WTI Crude $10 above support — next stop $33?

March 17, 2015 9:37 AM (UTC+8)

 

oilsupport
Long Term WTI Crude Support at $33 a Barrel

There’s about $10 of air pocket between the present WTI crude price of $43.36 and the next long-term support level. For several reasons oil could plunge below the 2008 lows during the next several weeks. Longer-dated futures are more vulnerable than short-dated.

First, storage capacity is nearly exhausted. With 12-month WTI futures trading at $11.40 above spot, storing physical crude for future delivery has been a favorite hedge fund trade. Oil inventories in the US now stand at 448 million barrels, up 21% from last year; theoretical storage capacity is about 600 million barrels, but that’s never been tested. Storing oil on VLCC’s isn’t an economical option (the cost of storage is over $1 per barrel per month, more than the price differential between spot and futures in the present cotango).

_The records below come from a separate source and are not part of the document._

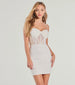 Cause sparkling commotion at your next formal party in the Andi heat stone corset dress! Stun the room in this sleeveless bodycon dress featuring a sweetheart neckline, adjustable spaghetti straps for a customized fit, a corset-style sheer bodice with flexible boning, and side ruched seams along the bodycon silhouette. The partially lined mesh fabric features all-over mini heat stone embellishments. Complete your sultry look with a rhinestone fringe hair accessory.
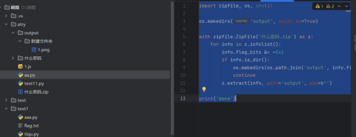 拿到一个加密的zip文件首先怀疑伪加密,用脚本把 ZIP 里“所有标记为加密”的文件强行当成没加密,直接解压到 output 文件夹。
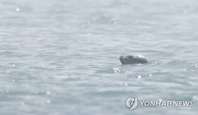 (백령도=연합뉴스) 김인철 기자 = 2일 오전 서해 최북단 인천 옹진군 백령도 앞 NLL 인근 해상에서 천연기념물인 점박이물범이 숨을 쉬기 위해 수면 밖으로 고개를 내밀고 있다. 2023.6.2
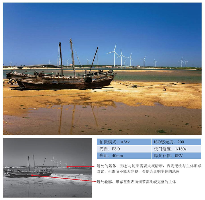 ● 近处的木船与远处的风电装置形成远近对比的关系,并利用前景水面的倒影作为过渡,使画面非常自然。
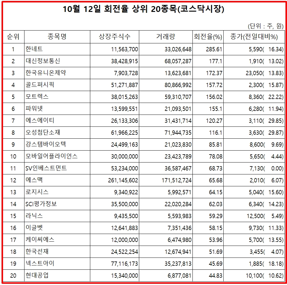 12일 증권시장에서 코스닥 종목의 거래량 회전율 기준 상위 종목은 다음과 같다.
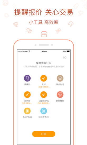 1、找纱网APP汇聚了众多优质纱线供应商,保证产品的品质与多样性,满足用户不同的采购需求。
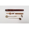 9ct gold bar brooch set with circular red stone and metal clasp, a gold-coloured chain-link bar brooch, three gold-coloured hat pins and 'The De La Rue Dainty' fountain pen with 14ct gold nib (3)
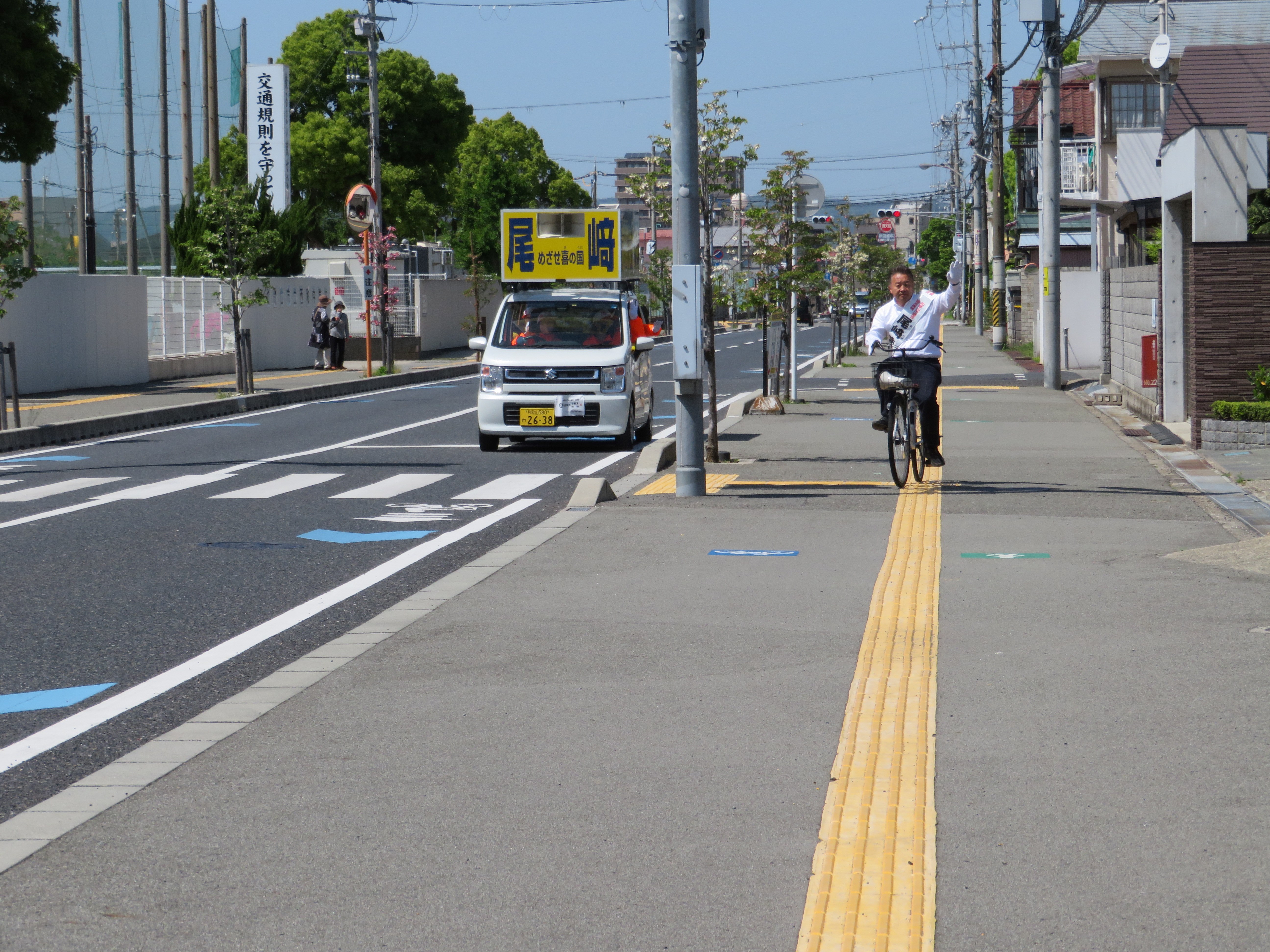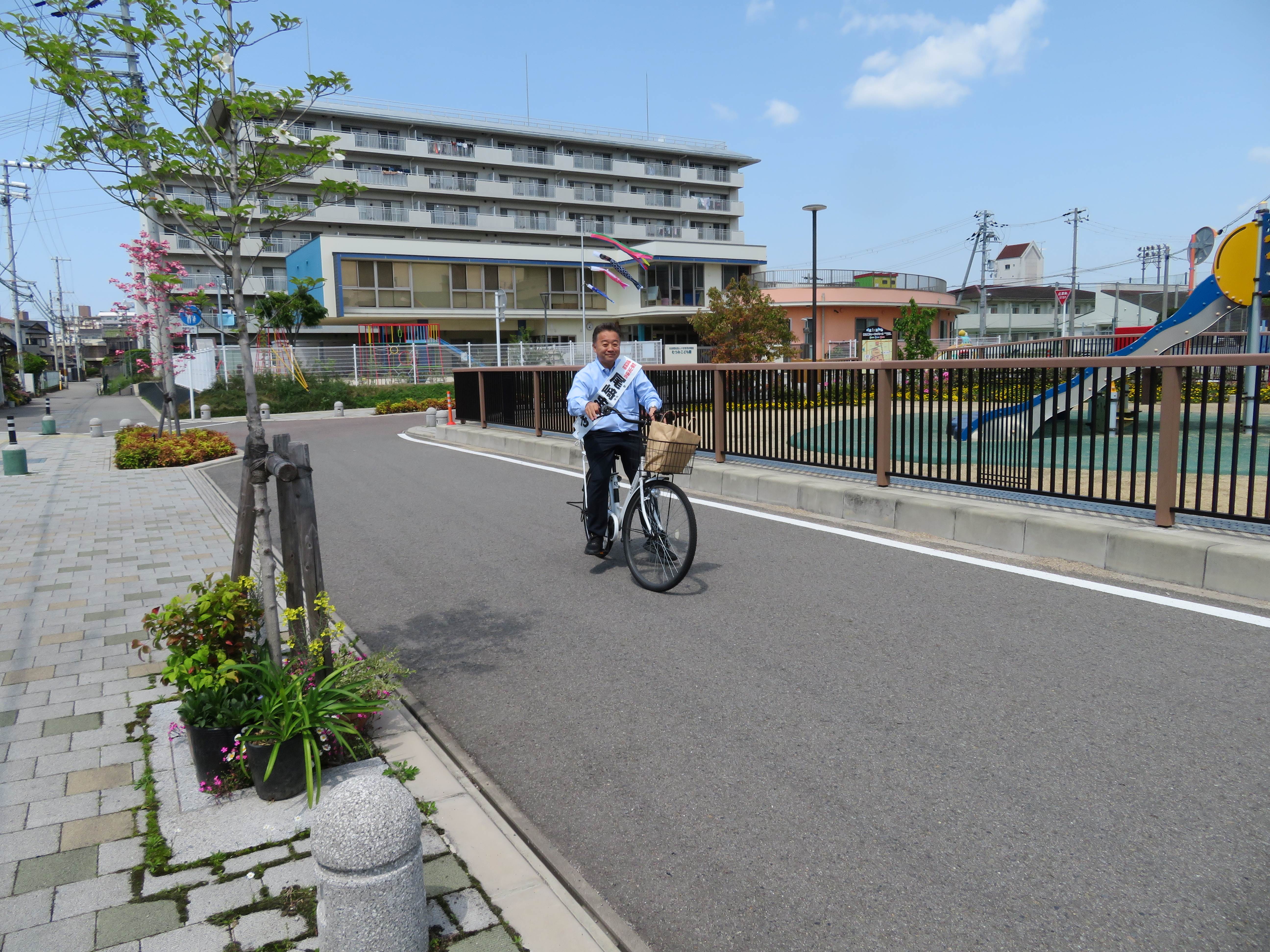 昼食後、突然、「自転車で少し廻ってくる。」と言って、タスキを掛け、運動員もつれず、自転車に飛び乗って走り出しました。カメラを持って追いかけたところ、砂山南地区に新しく開通したコミュニティ道路ではありませんか。砂山今福地区のまちづくりの成果と言える道路です。「尾﨑まさや候補」にとっても、まちづくり当初から関わりの深いところです。道路建設に当たって候補者は、むつみ保育園の移転に尽力され、和歌山市で初めてのコミュニティ道路の考え方に理解を示されました。
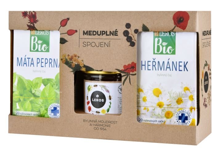 Dárkové balení obsahuje 2 druhy bylinných čajů spolu se skleničkou květového medu k doslazení.Bio Máta peprná: přispívá k normální funkci dýchacího systému, trávicí soustavy a střev. Podporuje přirozenou obranyschopnost a přispívá k relaxaci. Čaj z máty peprné příjemně chutná po mentolu.Bio...
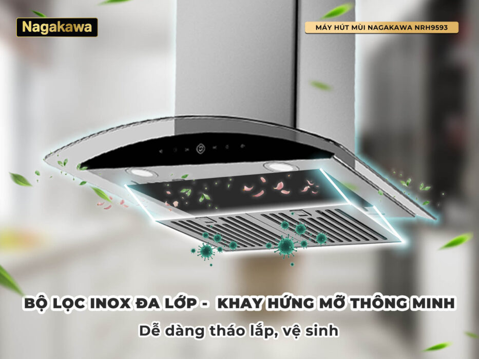 Khay hứng mỡ thông minh của Máy hút mùi Nagakawa NRH9593 được thiết kế dễ dàng tháo rời và vệ sinh, giúp bạn loại bỏ dầu mỡ thừa một cách nhanh chóng và tiện lợi, giữ căn bếp luôn sạch sẽ và gọn gàng.
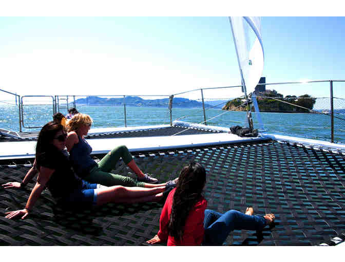 Bay Sail: For an hour and half, you’ll be treated to fantastic views of Alcatraz Island, the city skyline, the Golden Gate bridge and the Pacific Ocean. If adventure is your style, try out our deck trampolines (be warned, you may get wet!). The netting allows you the exhilarating feeling of having the waves rush under your feet, and are also extremely comfortable for lounging in the sun. Want a break from the wind? Come inside our protected cabin, have a seat and continue to enjoy the sights of the sky and water. Need a bite to eat? Snacks, soda, beer and wine are available for purchase at the cabin bar. Our sailing catamarans give a uniquely stable and quiet ride without the noise of engines—you’ll be amazed at the speed wind in your sails can give you! Pick up an audio tour (available in 7 languages) with a helpful navigation guide providing information about San Francisco’s landmarks as you sail past them. Feeling confidently sea-worthy? Take the helm from the captain and steer the boat. Our captain and crew are always happy to snap a photo or answer your questions about San Francisco or our catamarans—you’ll quickly learn our passion for sailing!

Second, Saudi Arabia–the prime mover in the oil price collapse of the past six months–has all the more reason to keep downward pressure on the oil price with an international deal looming to lift sanctions on Iran. The Saudis don’t have a lot of friends these days. It’s clear that the Obama administration is comfortable giving Iran the upper hand in the Persian Gulf. The February Threat Assessment Report of the US Director of National Intelligence, James Clapper, amounts to an endorsement of Iran’s benevolent intentions in the region. The absence of language about Iran’s support for terrorism attracted a lot of attention in the press, but the most significant sentence in the report accentuates the positive where Iran is concerned: “Despite Iran’s intentions to dampen sectarianism, build responsive partners, and deescalate tensions with Saudi Arabia, Iranian leaders—particularly within the security services—are pursuing policies with negative secondary consequences for regional stability and potentially for Iran. Iran’s actions to protect and empower Shia communities are fueling growing fears and sectarian responses.” Only indirectly does Iran threaten regional stability, according to the Director of National Intelligence. That’s news to the Saudis, who are likely to keep downward pressure on oil in order to damage Iran.